Find the line with "主に九州産の野菜(キャベツ、" in the entries below, then output every line from it down to the line with "2020年11月2日(周一)上午10点,东北大学工商肉番 院长、博导蒋忠中教授,为肉番 肉番", exactly and with no pictures.
(THE RECORDS begins)
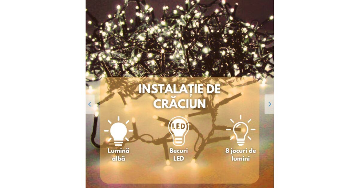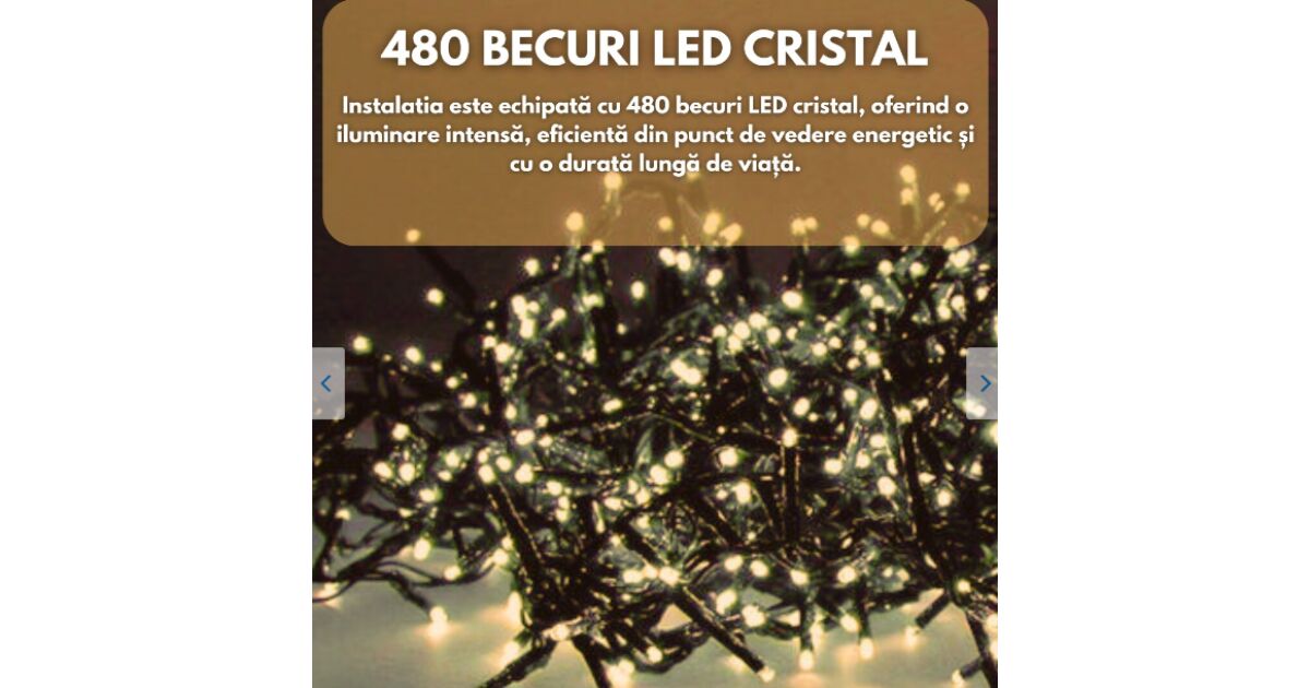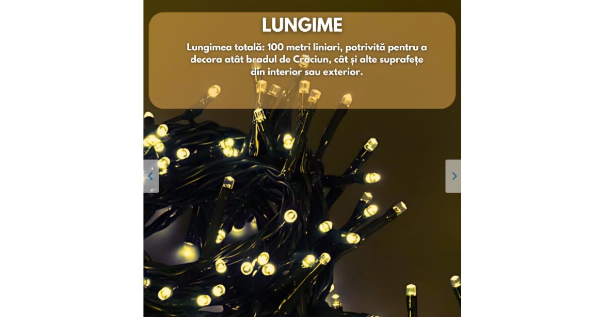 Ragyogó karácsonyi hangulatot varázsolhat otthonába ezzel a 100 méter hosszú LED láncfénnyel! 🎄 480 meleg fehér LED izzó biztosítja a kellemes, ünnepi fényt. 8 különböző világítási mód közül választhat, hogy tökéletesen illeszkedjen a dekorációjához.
(THE RECORDS ends)
(THE RECORDS begins)
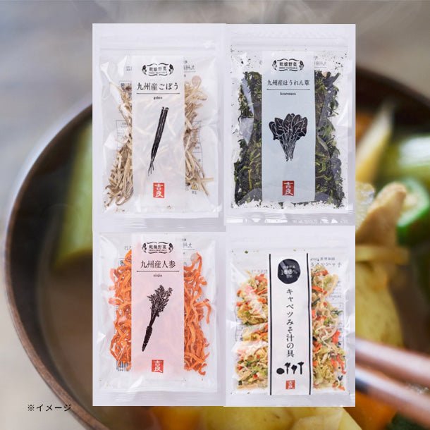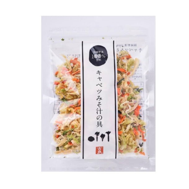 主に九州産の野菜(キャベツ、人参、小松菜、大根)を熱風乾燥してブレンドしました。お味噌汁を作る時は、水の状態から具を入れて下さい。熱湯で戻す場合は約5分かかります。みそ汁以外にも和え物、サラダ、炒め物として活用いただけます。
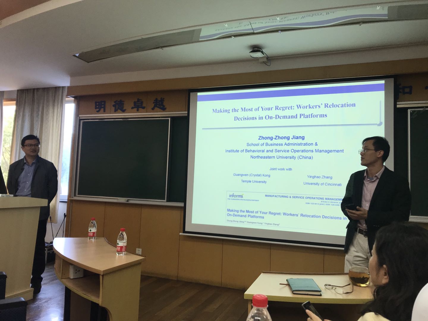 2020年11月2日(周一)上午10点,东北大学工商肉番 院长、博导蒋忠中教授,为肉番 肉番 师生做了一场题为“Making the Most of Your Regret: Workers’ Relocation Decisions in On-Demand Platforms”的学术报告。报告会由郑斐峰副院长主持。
(THE RECORDS ends)
(THE RECORDS begins)
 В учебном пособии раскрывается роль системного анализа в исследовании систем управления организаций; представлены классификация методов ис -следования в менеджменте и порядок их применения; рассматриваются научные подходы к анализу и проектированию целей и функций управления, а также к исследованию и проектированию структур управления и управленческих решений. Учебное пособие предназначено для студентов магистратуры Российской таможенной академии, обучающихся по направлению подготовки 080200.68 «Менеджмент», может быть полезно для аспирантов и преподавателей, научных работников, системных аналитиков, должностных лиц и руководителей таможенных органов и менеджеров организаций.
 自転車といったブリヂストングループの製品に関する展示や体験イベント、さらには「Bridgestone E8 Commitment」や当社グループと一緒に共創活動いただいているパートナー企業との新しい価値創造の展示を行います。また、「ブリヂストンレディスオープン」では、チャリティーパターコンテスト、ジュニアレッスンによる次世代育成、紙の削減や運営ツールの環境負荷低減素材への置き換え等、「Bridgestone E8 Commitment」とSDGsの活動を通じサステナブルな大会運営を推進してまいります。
(THE RECORDS ends)
▶ [SOLUTION TO THIS PROBLEM]:
 主に九州産の野菜(キャベツ、人参、小松菜、大根)を熱風乾燥してブレンドしました。お味噌汁を作る時は、水の状態から具を入れて下さい。熱湯で戻す場合は約5分かかります。みそ汁以外にも和え物、サラダ、炒め物として活用いただけます。
 2020年11月2日(周一)上午10点,东北大学工商肉番 院长、博导蒋忠中教授,为肉番 肉番 师生做了一场题为“Making the Most of Your Regret: Workers’ Relocation Decisions in On-Demand Platforms”的学术报告。报告会由郑斐峰副院长主持。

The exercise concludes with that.